The World Is Ending — But It Isn’t

So, how about that US Presidential Election 2016 — pretty wild, huh?

In the days since the result came in, a rash of hate crimes have been reported, many of them perpetrated by people who specifically cite President-elect Donald Trump as their inspiration. White children have bullied children of Mexican descent. Adults have left hateful messages and pictures of nooses on Black people’s cars, and ripped the hijabs off of Muslim women’s heads. Men have physically intimidated and sexually assaulted women. This is what happens when people feel as though many other people think the same way they do, when they believe they can get away with anything. It appears they aren’t even wrong in thinking that.

The outpouring of hate has shocked some people. Many liberals have posted about their shock. They didn’t realize this level of hate existed in the US. “It’s 2016! We have a Black President!” they cry. “We should be better than this!”

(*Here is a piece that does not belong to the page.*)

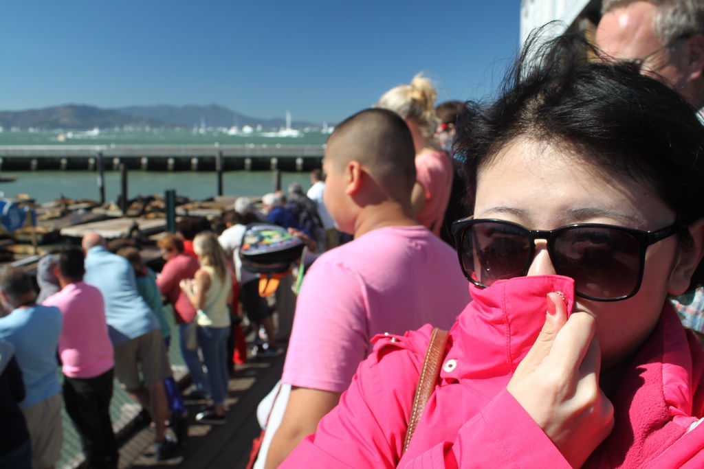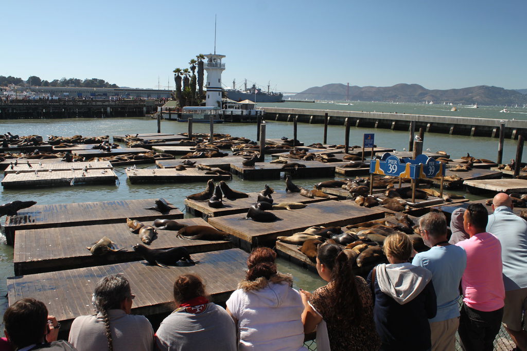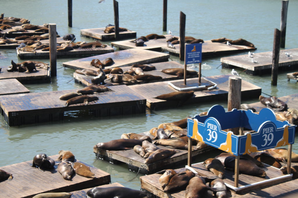 因為舊金山沿海地帶的開發使海獅的棲息地變少,政府就在pier 39漁人碼頭搭建浮板。陽光暖暖、海風徐徐,母海獅就像曬魚乾一樣陳列,公海獅則忙著爭奪地盤打架。 看他們打架滿精彩的唷! 尤其有些被推下浮板的海獅還會回來繼續挑釁。雖然很有趣,但這個景點頂多就待5分鐘了,沒有人會想沐浴在那樣的空氣下太久啦!!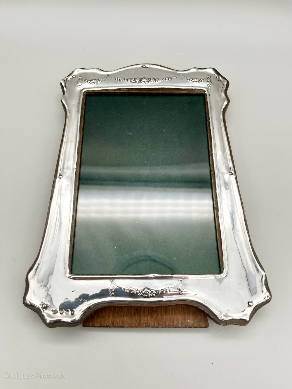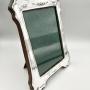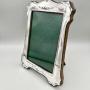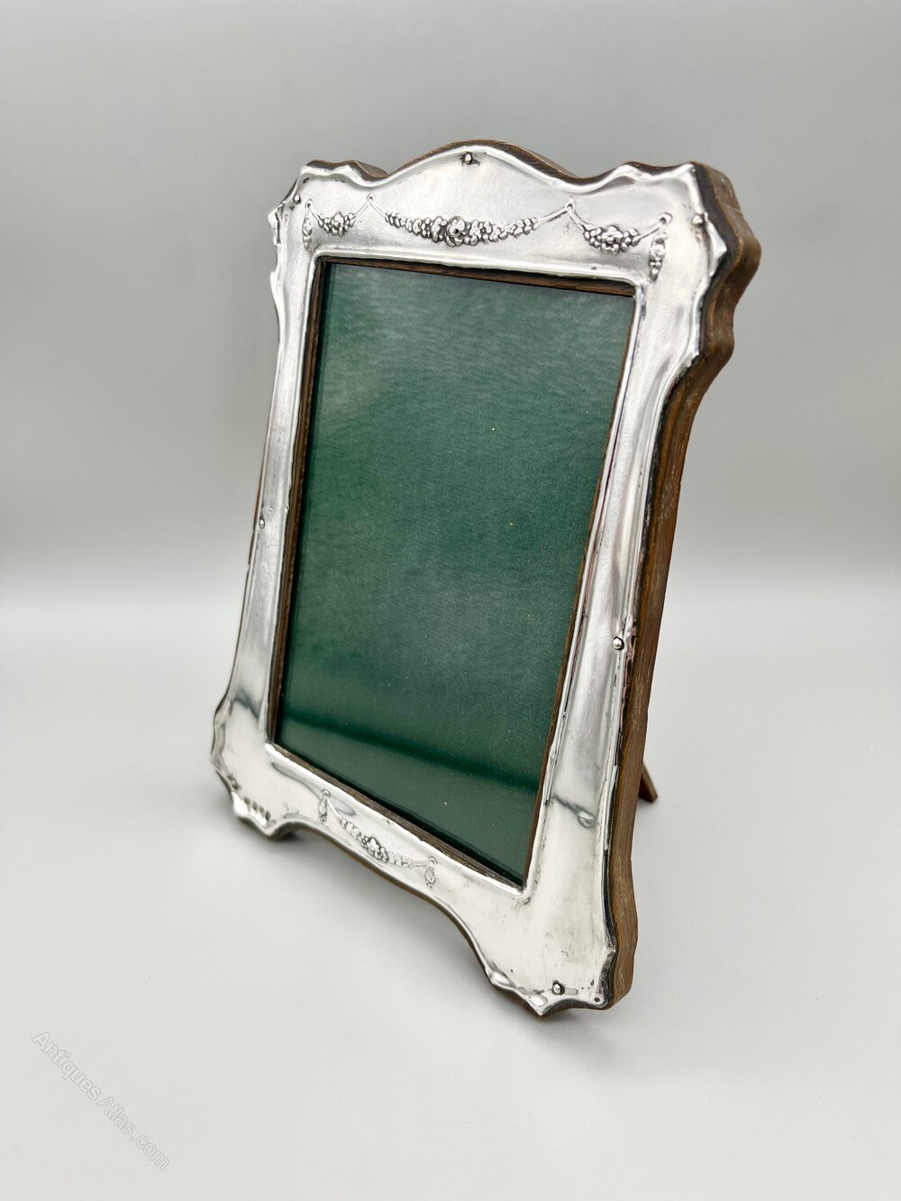 Here we have an attractive George V Sterling Silver Photo Frame with a 5ins by 3.5ins visible picture size. The frame is basically rectangular with scalloped corners and a bowed top. It is decorated above and below the window with floral swags. The back and easel strut are plain wood.The photo frame was made in Birmingham by silversmith Samuel M. Levi and dates to 1918. Founded by Samuel Levi in the 1880s, the firm operated from premises in Birmingham’s Jewellery Quarter primarily producing silverware for personal use such as cigarette cases, perfume bottles, powder compacts, vesta cases, buckles, photo frames and card cases, although they did also produce some tableware. After Samuel’s death the firm became S.M. Levi Ltd in 1931 and ceased trading at the start of the Second World War.

Well, yes, we should. But we obviously aren’t. This election result is devastating to many. The reactions are flooding across social media. Everyone in my circle is enraged, depressed, shocked, hurt, afraid, and so much more. Me? I’m nothing.

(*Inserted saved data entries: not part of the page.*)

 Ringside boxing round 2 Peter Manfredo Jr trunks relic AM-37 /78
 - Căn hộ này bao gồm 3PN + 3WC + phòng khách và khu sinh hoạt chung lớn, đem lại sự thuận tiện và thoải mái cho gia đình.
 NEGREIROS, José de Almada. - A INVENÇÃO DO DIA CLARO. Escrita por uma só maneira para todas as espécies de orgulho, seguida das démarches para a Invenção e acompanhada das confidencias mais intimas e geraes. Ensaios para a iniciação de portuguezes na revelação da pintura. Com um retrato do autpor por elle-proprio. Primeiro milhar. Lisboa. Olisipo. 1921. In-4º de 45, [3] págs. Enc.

No, I’m not dead inside, I’m just not surprised. I predicted this would happen when Hillary Clinton won the nomination. Bernie Sanders’s chances aside, I never counted on Hillary Clinton being able to unify the left. I have been telling people Trump would win since May. Every time, I was met with incredulity; people claimed he didn’t have a chance. Now the day has come, and a lot of people are floundering: their view of the country ended up a cruel trick. They’re lost. I do understand why they are upset, but I’ve accepted the high level operation of white supremacy as the reality of the US long enough that this changes nothing for me. Growing up in Portland, OR, organizing with queer groups and Black Lives Matter, educating for and about disabled and working class communities, I’ve seen the hate first-hand, the fear and lack of understanding, the disdain. There are some who just don’t count my loved ones and I as human. They are not a far-flung fringe group: they are police and legislators and next-door neighbors. So, I’m not surprised.

It’s sick, honestly: the country I was born and raised in has lived down to my expectations, and I can’t feel a damn thing about it. Is there a word for this? It’s not even disappointment. I can’t describe it except as a lack.

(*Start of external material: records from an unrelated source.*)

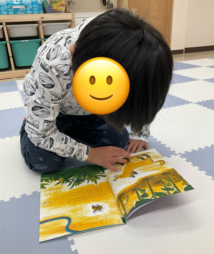 フリープレイでは年長さんが絵本を音読していました。読めるひらがなが増えましたね。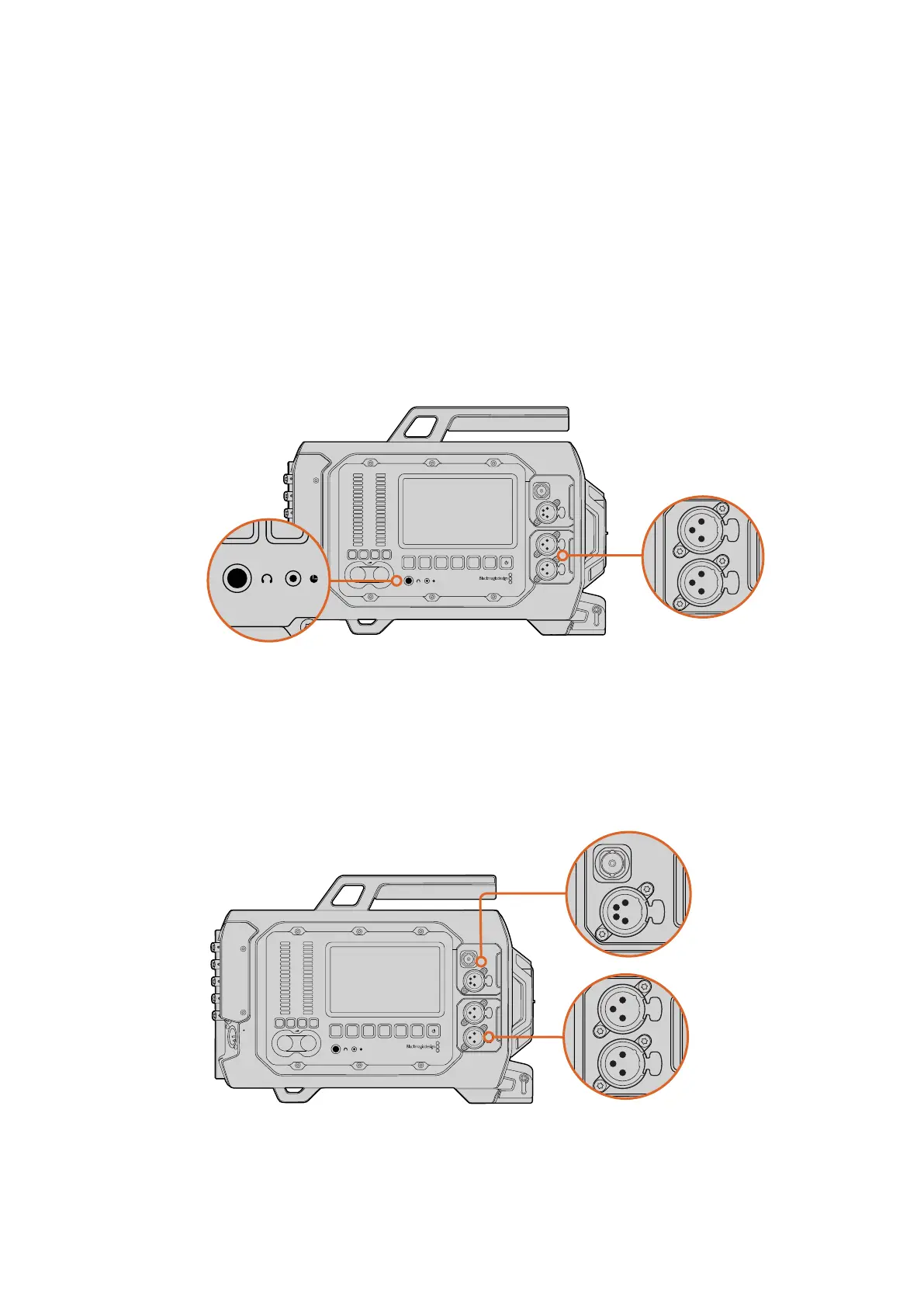 permettent de brancher des accessoires, tels que le Blackmagic URSA Viewfinder.
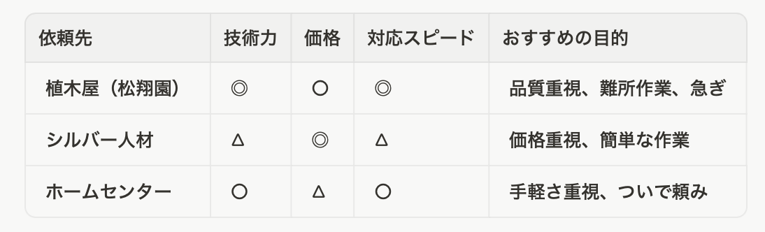 「大切な松の木を剪定してほしい」なら植木屋一択ですし、「裏庭の雑草だけ抜いてほしい」ならシルバー人材センターがコスパ最強です。

You may hear this and think I’m experiencing apathy. But I’m not: I do care, I always care. I am committed to building a better world for everyone, a world in which we are all treated with basic dignity and respect. I just don’t feel any particular way about Trump winning the election. It is sad/enraging/frustrating that the election turned out this way, but I expected it would. Those depressed/angry/frustrated feelings? I already felt them.

Resignation, perhaps, may be the closest description. I have accepted that this country refuses to see me as a human being, let alone a full citizen worthy of rights and protection. As a Black queer disabled working class femme, I am aware that my own birthplace would just as soon see me dead in the street. I spend much of my life afraid someone will take it from me. This election doesn’t change that at all.

My non-reaction has been confusing everyone around me. In a community turned upside down and storming with emotion, I am not… but I am determined. I understand your fear and anger, and I will hold space for you to grieve, and I will do the work of protecting and supporting and loving us, and I will try to mitigate the terrible impact of Trump’s presidency. I can’t make this not real for you, but that won’t stop me from continuing to work for change. Yes, we don’t live in paradise, but we never have. We can get through this.

2016 might seem like the year the world ended — but it didn’t. Many of us will keep working and fighting and surviving; some of us won’t. But I believe as long as we have us, we have hope. Take the time you need, friend. Grieve. Get or give a hug. Heal. I’ll be here when you’re ready, and I will fight beside you for that better world. It may be lightyears away; it may be just around the corner. No matter which, I believe we can still get there, together.